Expectations (Simile)

It is almost impossible “to gaze directly at the Grand Canyon” and see it “for what it is.” It is almost impossible because the Grand Canyon, the thing as it is, “has been appropriated by the symbolic complex” which “has already been formed in the sightseer’s mind.” If it looks “like the postcard,” a tourist is “pleased” and happy; he might even say, “Why it is every bit as beautiful as a picture postcard!” He feels “he has not been cheated.” But if it doesn’t look like an ad, he will tell later that he was “unlucky in not being there at the right time.”

Memorable (Simile)

The author remembers hunting “in south Alabama” with his father and brother and a guide.

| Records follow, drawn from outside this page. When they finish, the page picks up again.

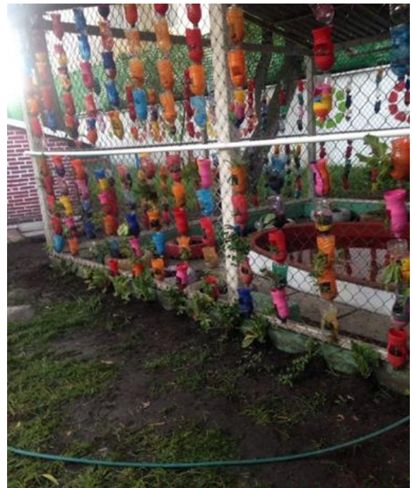
FOTO NO 4: botellas con semillas, Proyecto Educativo “Sembrando en mi
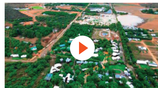
Klik om te kyk: hommeltuigmateriaal van die Oranjerivier wat Vrydag 29 Desember by Aan-die-oewer geneem is.

Koerania sal die proses volg en ons lesers op hoogte van die vordering hou.
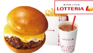
【セット】絶品チーズバーガー ¥990 ⇒ ¥690*
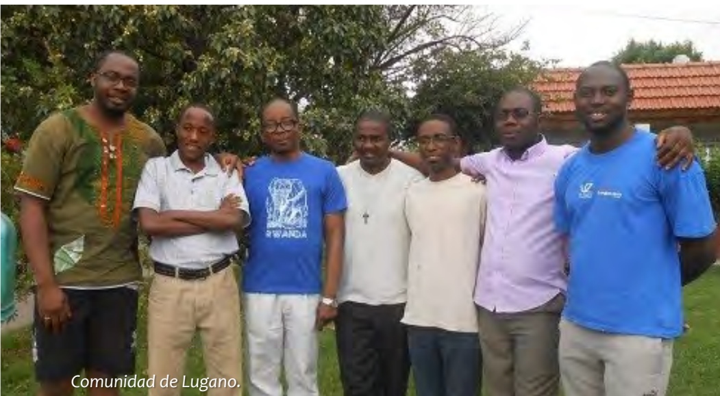
Comunidad de Lugano.
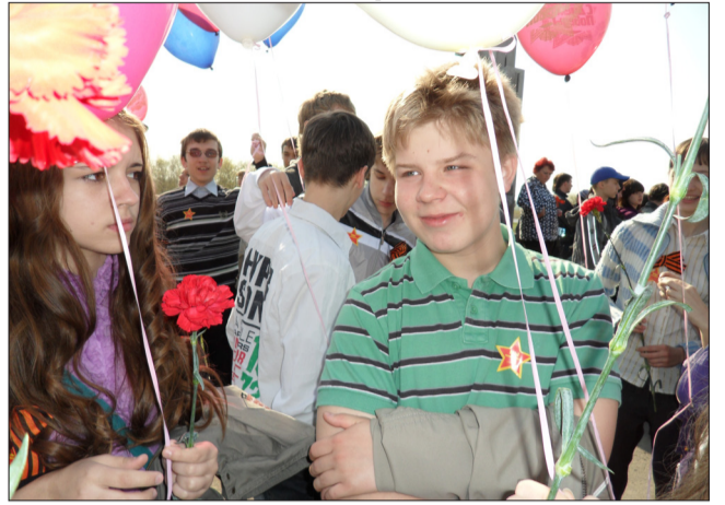
С Днём Победы!
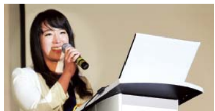
เธอกำลังเป็นพยานถึงผลการรักษาโรคของเธอในการประชุมของหมอคริสเตียนนานาชาติในประเทศเม็กซิโก

At the edge of some woods, they saw “a wonderful bird.” It flew “as swift and straight” as “an arrow,” but then all of a sudden folded his wings and dropped “like a stone into the woods.” It was “a blue darter hawk.” “What was so impressive about the bird” that the author couldn’t forget it even many years later was “its dazzling speed” and “the effect of alternation of its wings,” as if it were flying “by a kind of oaring motion.”

Obscure (Metaphor)

According to the author, the sonnet is “obscured” by “the symbolic package” which is “formulated not by the sonnet itself” but by “the media” through which the sonnet is transmitted. Unfortunately for us, these media which are supposed to transmit the sonnet may only succeed in “transmitting themselves.” Students get easily carried away to be able to focus on the meaning of the words. It is “only the hardiest and the cleverest of students” who “can salvage the sonnet from this many-tissued package.” It is only “the rarest student” who knows that the sonnet must be “salvaged from the package.”

Both (Metaphor)

There is “an astronomer” who works night on Mount Palomar “observing, recording, hypothesizing, writing equations, predicting, searching the skies” and whatnot. During the days he comes down into the town “to satisfy his needs” as organism and culture member, “eats, sleeps, enjoys his wife and family and home, plays golf,” and participates in other “cultural and recreational activities.” He functions well as both “angel (scientist-knower)” and “beast (culture organism).” His life is not deprived of “the sovereignty and lordship of science and art.”